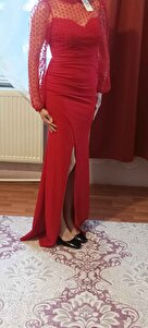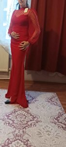 Kadın Kırmızı Balıkçı Yaka Tül Detay Yırtmaçlı Büyük Beden Maxi Abiye Elbise Kadın Kırmızı Balıkçı Yaka Tül Detay Yırtmaçlı Büyük Beden Maxi Abiye Elbise Wc582767 3XL
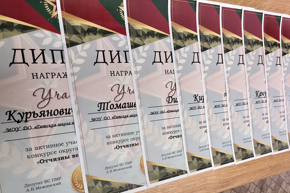 Тирасполь, 18 февраля. /Новости Приднестровья/. Для юных тираспольчан, проживающих на избирательном округе № 42 «Комсомольский», в честь грядущего Дня защитника Отечества депутат Верховного Совета Андрей Межинский и его команда организовали творческий конкурс «Отчизны верные сыны…».
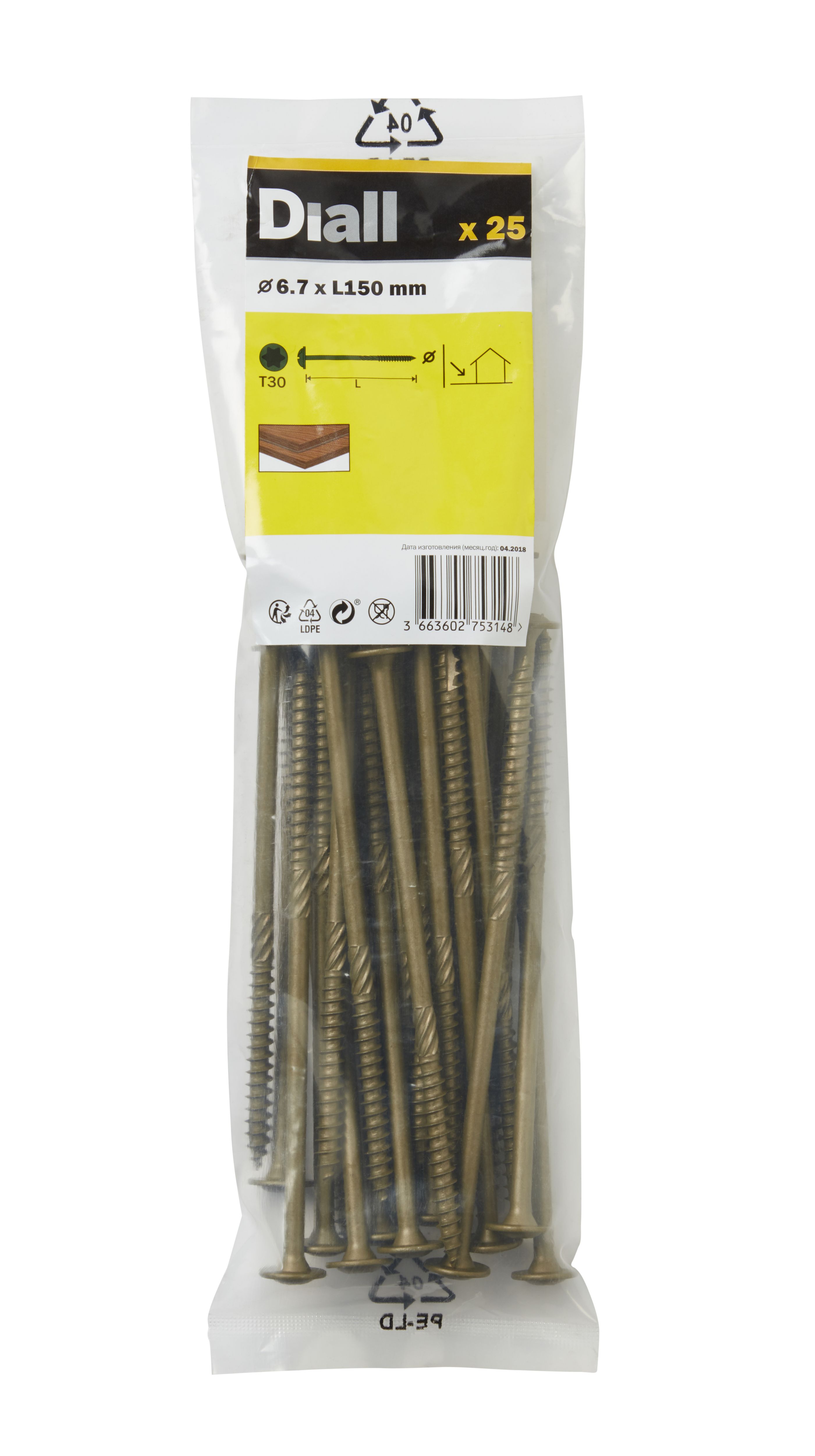Diall Wafer Carbon steel Screw Dia 6.7mm L 150mm Pack of 25

Task instructions ->
The data above should be restated exactly, with its images dropped.

Answer box ->
 Kadın Kırmızı Balıkçı Yaka Tül Detay Yırtmaçlı Büyük Beden Maxi Abiye Elbise Kadın Kırmızı Balıkçı Yaka Tül Detay Yırtmaçlı Büyük Beden Maxi Abiye Elbise Wc582767 3XL
 Тирасполь, 18 февраля. /Новости Приднестровья/. Для юных тираспольчан, проживающих на избирательном округе № 42 «Комсомольский», в честь грядущего Дня защитника Отечества депутат Верховного Совета Андрей Межинский и его команда организовали творческий конкурс «Отчизны верные сыны…».
Diall Wafer Carbon steel Screw Dia 6.7mm L 150mm Pack of 25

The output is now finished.